- **EXERCISE REQUIREMENTS**:
Every entry below should appear in the answer exactly as written, apart from the pictures.

[Collected data]
▼
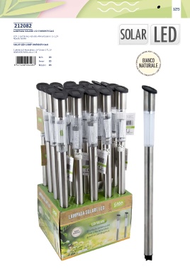 125 212082 LAMPADA SOLARE LED CM5XH70 C&G LED: 1 Led bianco naturale Alimentazione: 1x 1,2V 40mAh Ni-MH SOLAR LED LAMP CM5XH70 C&G 1 white LED Amorphous 25*25mm 1*1.2V 40MAH Ni-MH button Cell 8AMHOPI*caejgh+ Min 20 20 Inner Master 20
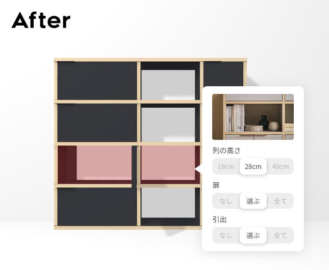 ~扉・引出・オープン収納の配置を自由に選択~オンラインオーダー家具システム「ituki」をアップデート【株式会社パモウナ】
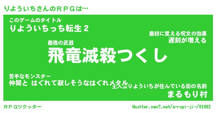 | ファンタジー風あだ名 | 『リヨフェル』『エターナルリヨウイチー』 |
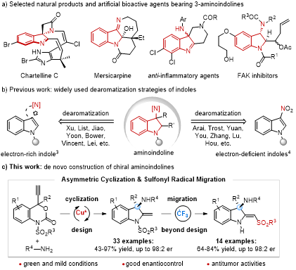 吲哚啉作为基本的结构单元广泛存在于许多具有重要生物活性的生物碱中,同时也是许多合成药物的重要药效单元。由于3-氨基吲哚啉具有显著的生物活性,化学家和药物学家为这类含氮杂环化合物的不对称催化合成提供许多有效方案,并且将这类含氮杂环化合物并用于药物发现研究。目前,发展比较成熟的策略是利用吲哚的不对称去芳构化反应合成这类含氮化合物。相较于该策略,利用不对称催化技术实现手性3-氨基吲哚啉骨架的从头构筑发展滞后。因此,寻找高效的合成策略来直接构筑结构新颖的手性3-氨基吲哚啉具有重要意义,将为发现新的、具有重要生物活性的氮杂环分子奠定物质基础。
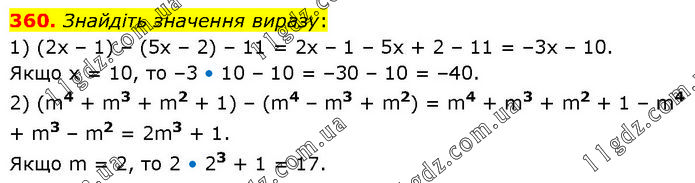 Знайдіть значення виразу: 1) (2х – 1) – (5х – 2) – 11 = 2х – 1 – 5х + 2 – 11 = –3х – 10. Якщо х = 10, то –3 • 10 – 10 = –30 – 10 = –40. 2) (m4 + m3 + m2 + 1) – (m4 – m3 + m2) = m4 + m3 + m2 + 1 – m4 + m3 – m2 = 2m3 + 1. Якщо m = 2, то 2 • 23 + 1 = 17.
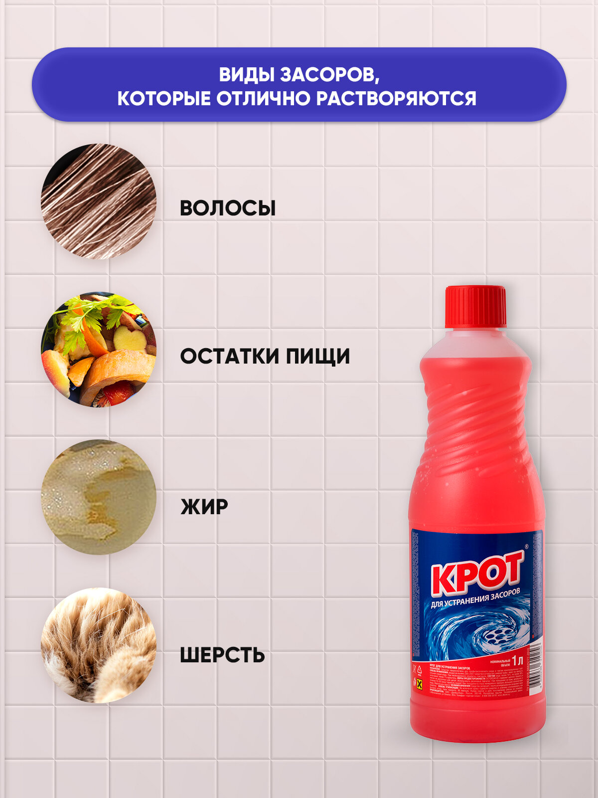 Крот "Для устранения засоров" 1 л, средство для прочистки труб, средство от засоров, средство от засора в трубах, прочистка труб, крот для труб
▲
- **WRITTEN ANSWER**:
 125 212082 LAMPADA SOLARE LED CM5XH70 C&G LED: 1 Led bianco naturale Alimentazione: 1x 1,2V 40mAh Ni-MH SOLAR LED LAMP CM5XH70 C&G 1 white LED Amorphous 25*25mm 1*1.2V 40MAH Ni-MH button Cell 8AMHOPI*caejgh+ Min 20 20 Inner Master 20
 ~扉・引出・オープン収納の配置を自由に選択~オンラインオーダー家具システム「ituki」をアップデート【株式会社パモウナ】
 | ファンタジー風あだ名 | 『リヨフェル』『エターナルリヨウイチー』 |
 吲哚啉作为基本的结构单元广泛存在于许多具有重要生物活性的生物碱中,同时也是许多合成药物的重要药效单元。由于3-氨基吲哚啉具有显著的生物活性,化学家和药物学家为这类含氮杂环化合物的不对称催化合成提供许多有效方案,并且将这类含氮杂环化合物并用于药物发现研究。目前,发展比较成熟的策略是利用吲哚的不对称去芳构化反应合成这类含氮化合物。相较于该策略,利用不对称催化技术实现手性3-氨基吲哚啉骨架的从头构筑发展滞后。因此,寻找高效的合成策略来直接构筑结构新颖的手性3-氨基吲哚啉具有重要意义,将为发现新的、具有重要生物活性的氮杂环分子奠定物质基础。
 Знайдіть значення виразу: 1) (2х – 1) – (5х – 2) – 11 = 2х – 1 – 5х + 2 – 11 = –3х – 10. Якщо х = 10, то –3 • 10 – 10 = –30 – 10 = –40. 2) (m4 + m3 + m2 + 1) – (m4 – m3 + m2) = m4 + m3 + m2 + 1 – m4 + m3 – m2 = 2m3 + 1. Якщо m = 2, то 2 • 23 + 1 = 17.
 Крот "Для устранения засоров" 1 л, средство для прочистки труб, средство от засоров, средство от засора в трубах, прочистка труб, крот для труб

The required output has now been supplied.